Den Haag/Bogotá. Der Internationale Strafgerichtshof (IStGH) hat in seinem jüngsten Bericht zu Kolumbien auf die mögliche Verwicklung von 23 Generalen und sechs Obersten der Armee in circa 1.228 außergerichtliche Hinrichtungen zwischen 2002 und 2010 hingewiesen. Die mindestens 4.200 Opfer dieser Mordfälle, auch als "falsos positivos" bekannt, waren Zivilisten, welche die Armee als im Gefecht gefallene Guerilleros präsentiert hatte. Sollte die kolumbianische Justiz gegen diese zum Teil noch aktiven 29 Militärs nicht zufriedenstellend ermitteln, könnte der IStGH sie strafrechtlich belangen. Unter ihnen sind der aktuelle Oberkommandierende der Streitkräfte, Juan Pablo Rodríguez, sowie der Militärattaché in Washington, Jaime Alfonso Lasprilla.

Zwar hat Kolumbiens Justiz bislang rund 1.000 Offiziere in mittleren Rängen und Angehörige niedriger Hierarchieebenen der Streitkräfte wegen "falsos positivos" schuldig erklärt. Nur wenige Oberbefehlshaber sind jedoch zur Rechenschaft gezogen und keiner von ihnen ist bisher verurteilt worden.

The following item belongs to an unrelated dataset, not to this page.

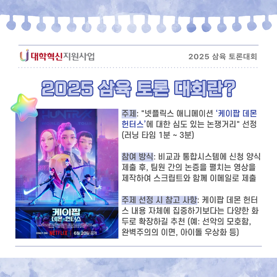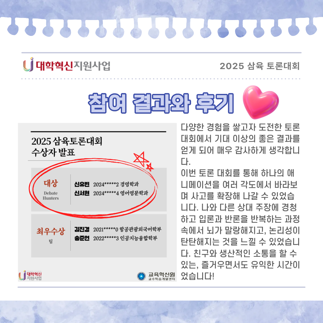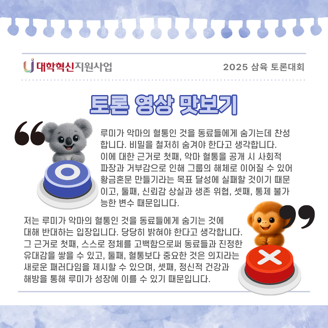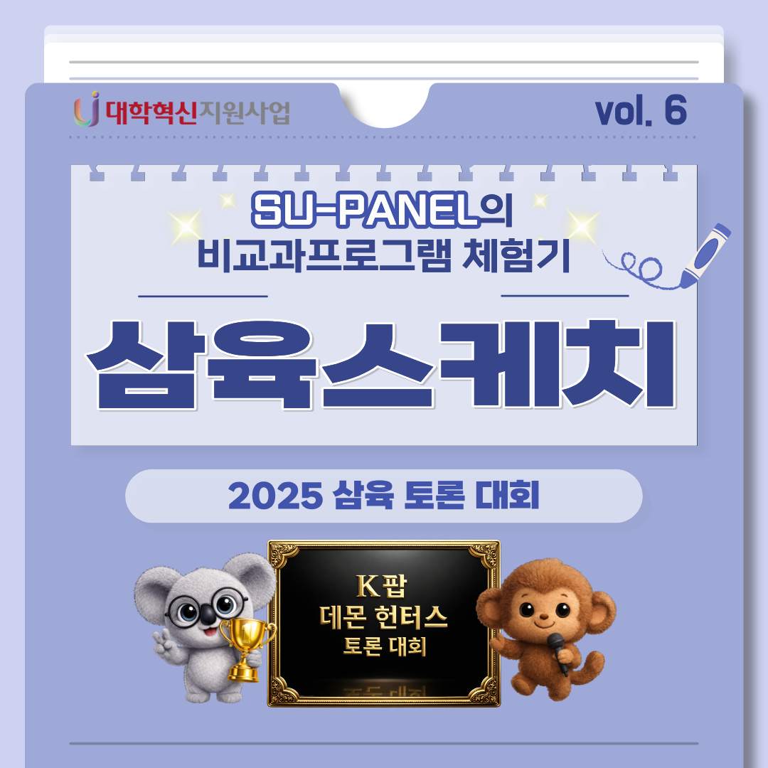 {삼육스케치 vol.6 : 2025 삼육토론대회} 본문 목록 이전글대학혁신지원사업단 재학생 홍보단 SU-PANEL 모집 26.02.20 다음글창업정부지원사업 준비 프로그램 26.01.19
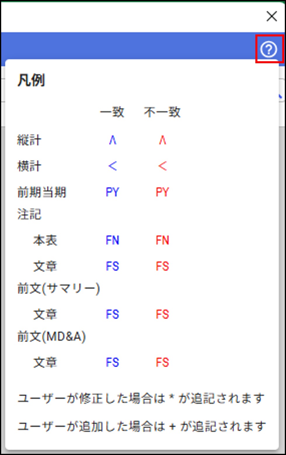 ・赤色:当期資料の値が前期資料と不一致、または前期資料に見つからなかった項目

Die 29 hochrangigen Offiziere und Ex-Offiziere, auf die sich der IStGH bezieht, waren die Befehlshaber der Divisionen und Brigaden, die über 1.200 außergerichtliche Hinrichtungen zu verantworten haben.

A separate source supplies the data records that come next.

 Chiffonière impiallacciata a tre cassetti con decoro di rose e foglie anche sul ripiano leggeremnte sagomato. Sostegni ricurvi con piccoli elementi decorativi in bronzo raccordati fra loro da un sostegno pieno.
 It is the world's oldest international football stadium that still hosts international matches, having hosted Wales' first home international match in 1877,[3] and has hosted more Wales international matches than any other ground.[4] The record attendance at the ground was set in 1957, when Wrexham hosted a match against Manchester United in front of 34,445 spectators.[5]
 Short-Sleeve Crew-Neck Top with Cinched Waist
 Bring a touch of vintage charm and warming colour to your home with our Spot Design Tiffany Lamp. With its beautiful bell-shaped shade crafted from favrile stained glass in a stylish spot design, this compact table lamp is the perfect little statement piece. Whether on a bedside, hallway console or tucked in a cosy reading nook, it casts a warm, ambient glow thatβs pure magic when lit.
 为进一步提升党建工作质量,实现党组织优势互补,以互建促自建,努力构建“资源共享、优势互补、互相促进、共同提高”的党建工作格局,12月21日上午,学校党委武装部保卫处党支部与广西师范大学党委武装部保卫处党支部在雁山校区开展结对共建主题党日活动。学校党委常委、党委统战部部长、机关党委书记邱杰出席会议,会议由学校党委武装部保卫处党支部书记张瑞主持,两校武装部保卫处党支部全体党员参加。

Der IStGH habe Informationen darüber, wie einige der Oberbefehlshaber ihre Untergebenen mit der Streichung von Urlaubstagen oder ökonomischen Prämien bestraft hätten, wenn sie keine "Ergebnisse" in den militärischen Kämpfen zeigten. Die Opfer kamen aus entfernten Regionen oder benachteiligten Bevölkerungsgruppen. Sie waren Obdachlose, Drogensüchtige oder Menschen, die als Risiko für die Gesellschaft galten, erklärt der Strafgerichtshof. Das Militär habe Zivilisten, Paramilitärs, Polizisten oder Soldaten eingesetzt, um die Opfer zu entführen oder sie mit falschen Jobversprechen anzulocken. In einigen Fällen wurden sie vor der Hinrichtung gefoltert.

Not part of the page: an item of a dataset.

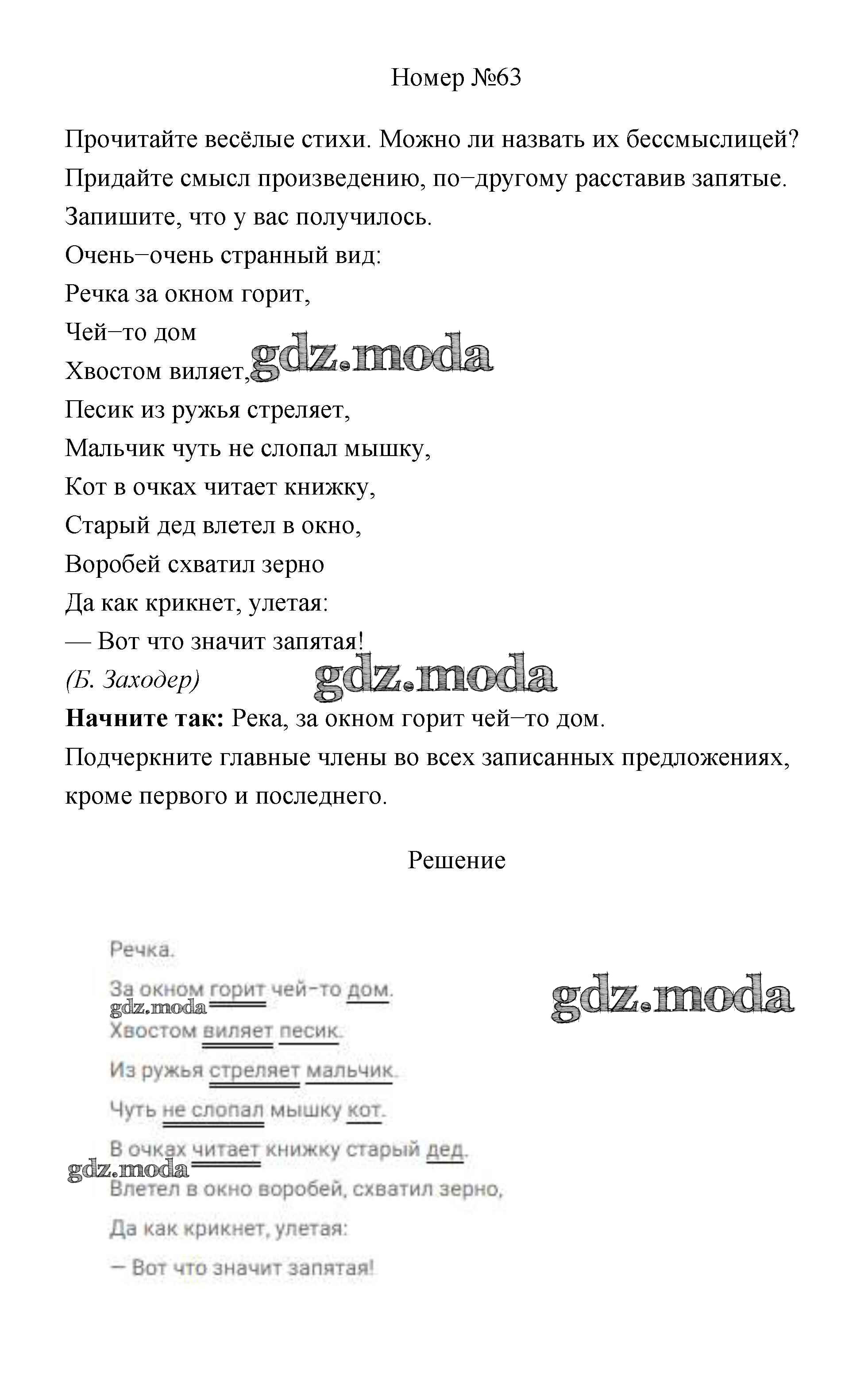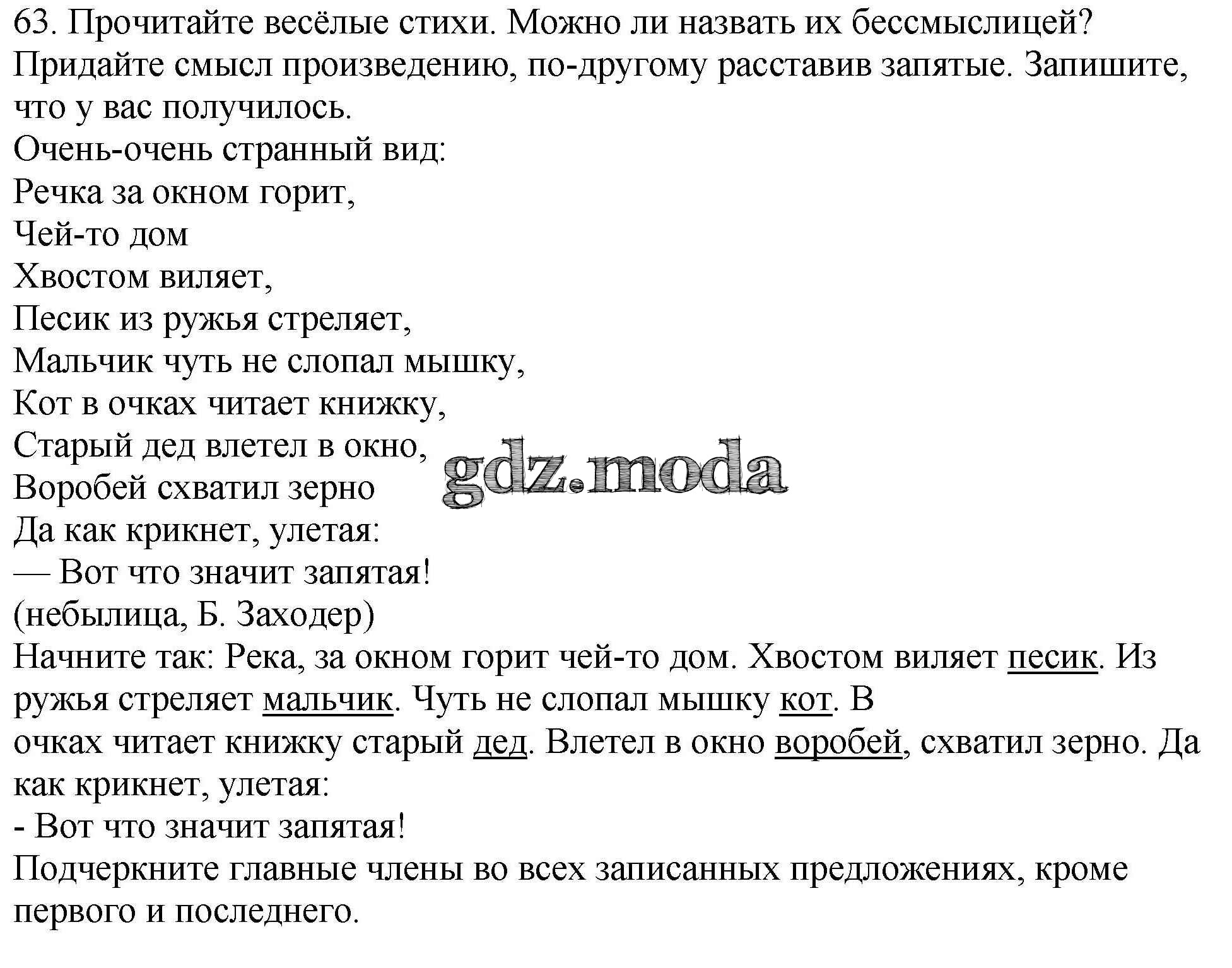 ОТВЕТ на задание № 63 Рабочая тетрадь по Русскому языку 4 класс Климанова Перспектива

Aus den Informationen, die dem IStGH zur Verfügung stehen, könne seine Anklagevertretung nicht schließen, dass die kolumbianischen Behörden "konkret" und "sukzessiv" in diesen Fällen ermittelte, heißt es laut der Tageszeitung El Espectador in dem Bericht. Angesichts der noch nicht geregelten Übergansjustiz für den Frieden (JEP) steht offen, wie es mit den "falsos positivos" weiter geht. Familienangehörige der Opfer und ihre Anwälte lehnen die Behandlung solcher Verbrechen durch die JEP ab. Sie argumentieren, dass diese Morde nicht im Rahmen des bewaffneten Konflikts sondern "kaltblütig" und zur Erlangung persönlicher Begünstigungen begangen wurden.

Sollte diese Art von außergerichtlichen Hinrichtungen von der Übergangsjustiz untersucht werden, wie es die Regierung festlegen will, wäre die Frage nach der Verantwortung in der Befehlskette problematisch. Die allgemeinen Richtlinien der JEP entsprechen nicht dem Artikel 28 des Römischen Statuts des IStGH, laut dem ein militärischer Befehlshaber "aufgrund der zu der Zeit gegebenen Umstände" über die Verbrechen seiner Truppen "hätte Bescheid wissen müssen". Bei der JEP ist ein Befehlshaber nur verantwortlich, wenn er von diesen Verbrechen effektiv wusste, was schwieriger zu beweisen ist.

Indessen hat der Internationale Gerichtshof die 1.288 "falsos positivos" je nach Region der Zuständigkeit der kompromittierten Divisionen und Brigaden in fünf potenzielle Fälle aufgeteilt, denen nachgegangen würde, wenn die kolumbianische Justiz versagt.

Wegen des IStGH-Berichts warf der Verteidigungsminister Luis Carlos Villegas seinerseits der internationalen Justizbehörde vor, entschieden zu haben, dass es "in Mode" sei, sich mit Kolumbien zu beschäftigen. Es sei nicht bewiesen, dass die kolumbianische Justiz nicht agiert, denn jeden Tag sähe man, wie die Staatsanwaltschaft handle.